Hi Susan,
The one that DSpace uses is http://iplists.com. It was last updated 2
years ago. I haven’t come across another one myself, at least not in such
an easy to use format. We’ve taken to manually periodically removing the
main offenders (facet your Solr query by IP – the top ones will likely be
bots). A more up-to-date list would be welcome indeed!
Anthony
On Wednesday, February 3, 2016 at 5:22:07 PM UTC-5, Susan Borda wrote:
>
> Hi-
> Is there a reputable list of IPs or Agents? I have some download numbers
> that seem way too high.
>
> Filters I’m using in Solr: isBot:False, -dns:*bot*, -dns:*spider*. Also we
> have spider IP text files in [dspace]/config/spiders
>
> Thanks,
> s
> —
> Susan Borda
> Digital Technologies Development Librarian
> Montana State University Library
> 406-994-1873
> —
> Susan Borda
> Digital Technologies Development Librarian
> Montana State University Library
> 406-994-1873
>
>
>
> From: "Pottinger, Hardy J." >
> Date: Friday, May 15, 2015 at 7:19 AM
> To: Anthony Petryk >, "Monika C.
> Mevenkamp" >, "
> dspac...@lists.sourceforge.net " <
> dspac...@lists.sourceforge.net >
> Subject: Re: [Dspace-tech] spider ip recognition
>
> Hi, you've run into a known issue, and one I very recently wrestled with
> myself:
>
> https://jira.duraspace.org/browse/DS-2431
>
> See my last comment on that ticket, I found a way around the issue, by
> simply deleting the spider docs from the stats index via a query in the
> Solr admin interface.
>
> --Hardy
>
> --
> *From:* Anthony Petryk [anthony...@uottawa.ca ]

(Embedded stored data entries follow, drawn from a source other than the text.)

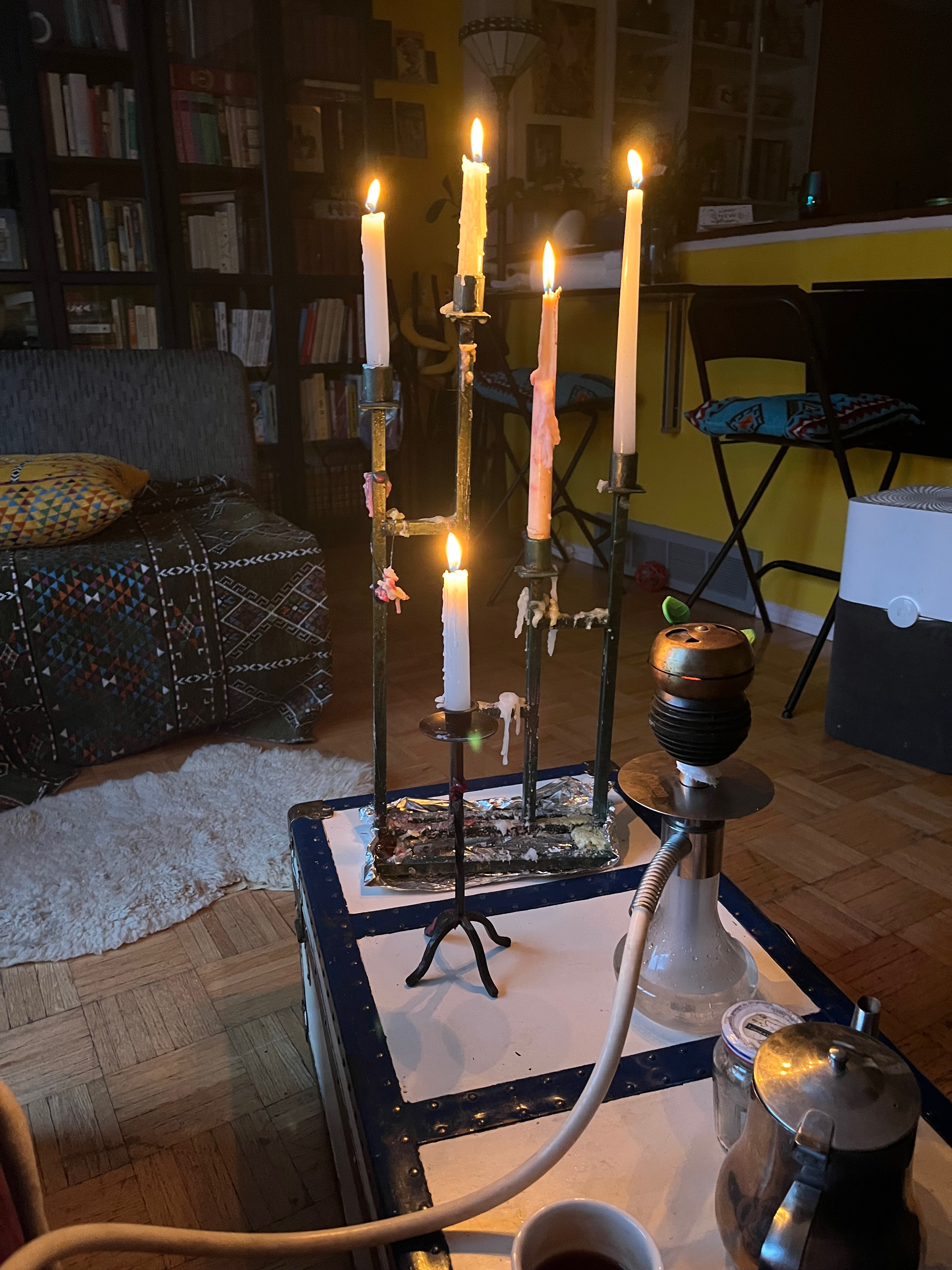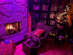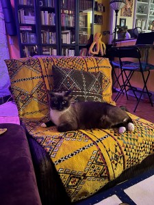 The living room is cozy. It really is just about perfect. I dream of a Roche Bobois Mahjong couch, but I’ve achieved the same effect with my purple velvet chaise lounge, acquired second-hand from a friend who was downsizing, four low and fat armchairs, $40 each at the Restore, and blankets and pillow covers from Khan el-Khalili in Cairo.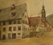 Links: Stadtansicht v. Johann Dorer, Gasthaus Engel und die alte Stadtkirche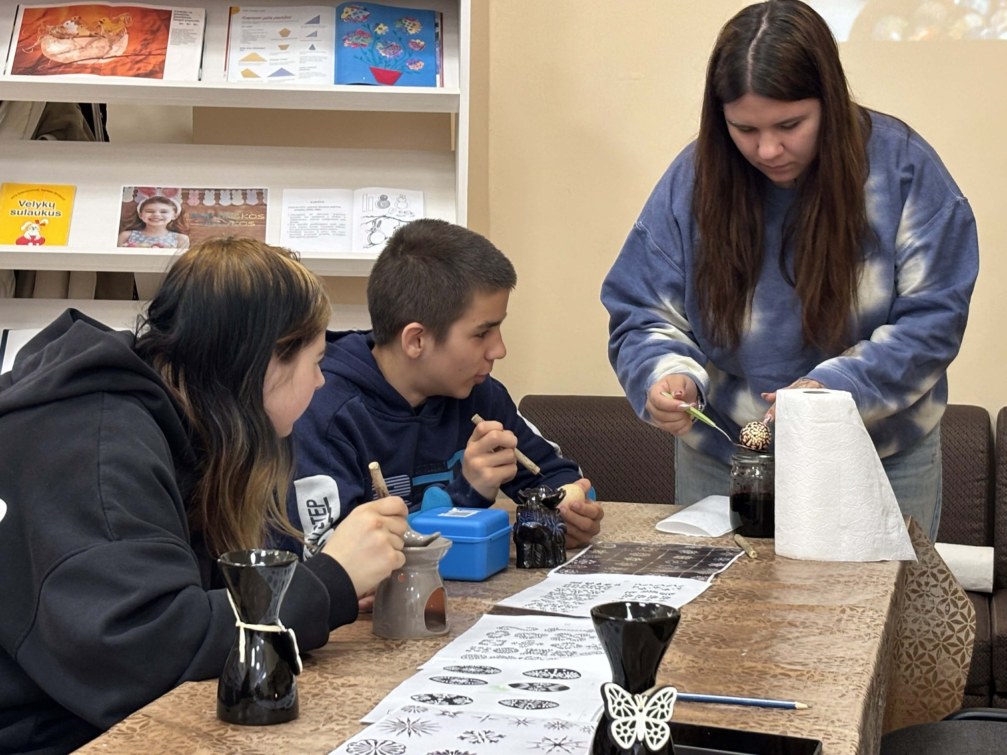 Šiandien bibliotekoje (Taikos pr. 52) vyko kūrybinis-edukacinis užsiėmimas „Atvelykis ateina“. Renginio metu dalyviai turėjo galimybę ne tik smagiai praleisti laiką, bet ir daugiau sužinoti apie lietuviškas Velykų tradicijas.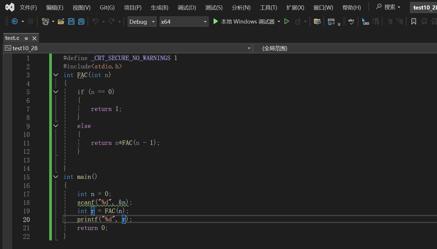 n!=n*(n-1)! (n-1)!=(n-1)*(n-2)!.....以此类推,就可以实现“大事化小”的想法,而用函数表示的话如下:假定FAC(n)=n! ,FAC(n)=n*FAC(n-1), FAC(n-1)=(n-1)*FAC(n-2).....这就是递推的具体函数实现,还是比较好理解的,所以接下来我用代码实现一下。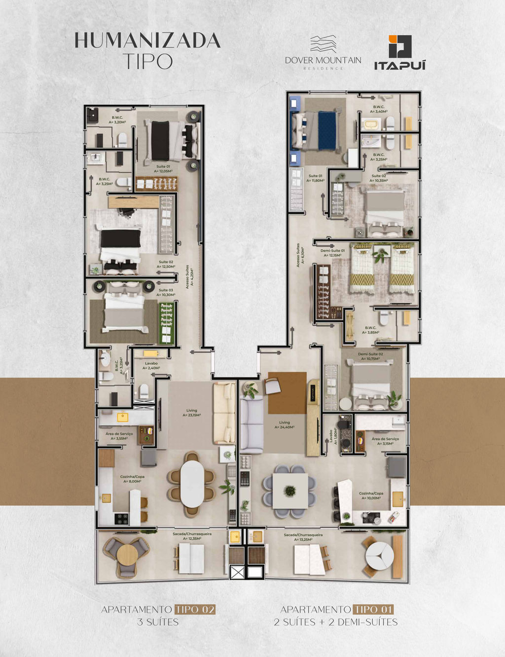Tipo 1: 2 suítes + 2 Demi-suítes – 130 m² privativos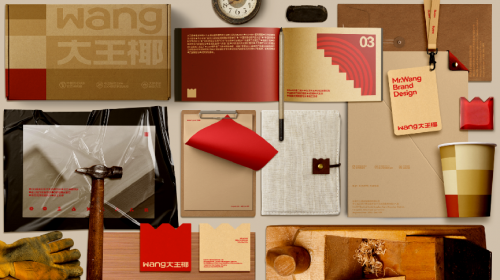 2024重新出發(fā)的大王椰,基于品牌一向氣派明亮的紅色系主調(diào)上,結(jié)合原木色形成組合配色,原來英文名“KING COCONUT”采用漢譯手法重新命名為"wang",且作為名稱第 一階層應(yīng)用,同時提取“wang”中的“W”作為超級符號,不僅打造出帶有W曲線的王冠狀新logo“板王標”,更將其延展到整體的視覺矩陣中,讓大王椰通過超級符號強化品牌在用戶心智中的“品質(zhì)為王”的年輕化形象認知。

> *Sent:* Thursday, May 14, 2015 12:06 PM
> *To:* Monika C. Mevenkamp; dspac...@lists.sourceforge.net
> *Subject:* Re: [Dspace-tech] spider ip recognition
>
> Hi again,
>
>
>
> Unfortunately, the documentation for the stats-util command is incorrect.
> Specifically this line:
>
>
>
> *-i or --delete-spiders-by-ip: Delete Spiders in Solr By IP Address, DNS
> name, or Agent name. Will prune out all records that match spider
> identification patterns.*
>
>
>
> Running “stats-util –i” does not actually remove spiders by DNS name or
> Agent name. Here’s are the relevant sections of the code, from
> StatisticsClient.java and SolrLogger.java:
>
>
>
> (…)
>
> else if(line.hasOption('i'))
>
> {
>
> SolrLogger.deleteRobotsByIP();
>
> }
>
>
>
> public static void deleteRobotsByIP()
>
> {
>
> for(String ip : SpiderDetector.getSpiderIpAddresses()){
>
> deleteIP(ip);
>
> }
>
> }
>
>
>
> What this means is that, if a spider is in your Solr stats, there’s no way
> to remove it other than manually adding its IP to [dpsace]/config/spiders;
> adding its DNS name or Agent name to the configs will not expunge it.
> Updating the spider files with “stats-util –u” does little to help because
> the IP lists it pulls from are out of date.
>
>
>
> An example is the spider from the Bing search engine: bingbot. As of
> DSpace 4.3, it’s not in the list of spiders by DNS name or Agent name, nor
> is it in the list of spider IP addresses. So anyone running DSpace 4.3
> likely has usage stats inflated by visits from this spider. The only way
> to remove it is to specify all the IPs for bingbot. Multiply that by all
> the other “new” spiders and we’re talking about a lot of work.
>
>
>
> I tried briefly to modify the code to take domains/agents into account
> when marking or deleting spiders, but I wasn’t able to figure out how to
> query Solr with regex patterns. It’s easier to do with IPs because each IP
> or IP range is transformed into a String and used as a standard query
> parameter.
>
>
>
> Anthony
>
>
>
> *From:* Monika C. Mevenkamp [mailto:...@princeton.edu ]
> *Sent:* Thursday, May 14, 2015 11:17 AM
> *To:* Anthony Petryk
> *Cc:* Monika C. Mevenkamp; dspac...@lists.sourceforge.net
> *Subject:* Re: [Dspace-tech] spider ip recognition
>
>
>
> Anthony
>
>
>
> Since dspace 4 you can filter by userAgent
>
> see
> https://wiki.duraspace.org/display/DSDOC5x/SOLR+Statistics+Maintenance#SOLRStatisticsMaintenance-FilteringandPruningSpiders
>
> I have not used this myself and am not sure whether these filters are
> applied as crawlers access content - or whether you need to run the
>
> [dspace]/bin/dspace stats-util command on a regular basis. You definitely
> need to run it to prune mark usage events after you configure
>
> a list of userAgents you want to filter against.
>
>
>
> Monika
>
>
>
>
>
> Monika Mevenkamp
>
> phone: 609-258-4161
>
> Princeton University, Princeton, NJ 08544
>
>
>
> On May 12, 2015, at 2:13 PM, Anthony Petryk > wrote:
>
>
>
> After a bit of investigation, it turns out that a significant portion of
> our items stats come from spiders. Any thoughts on the best way to go
> about removing them from Solr retroactively? There’s nothing that I can
> see in the code that will do this by domai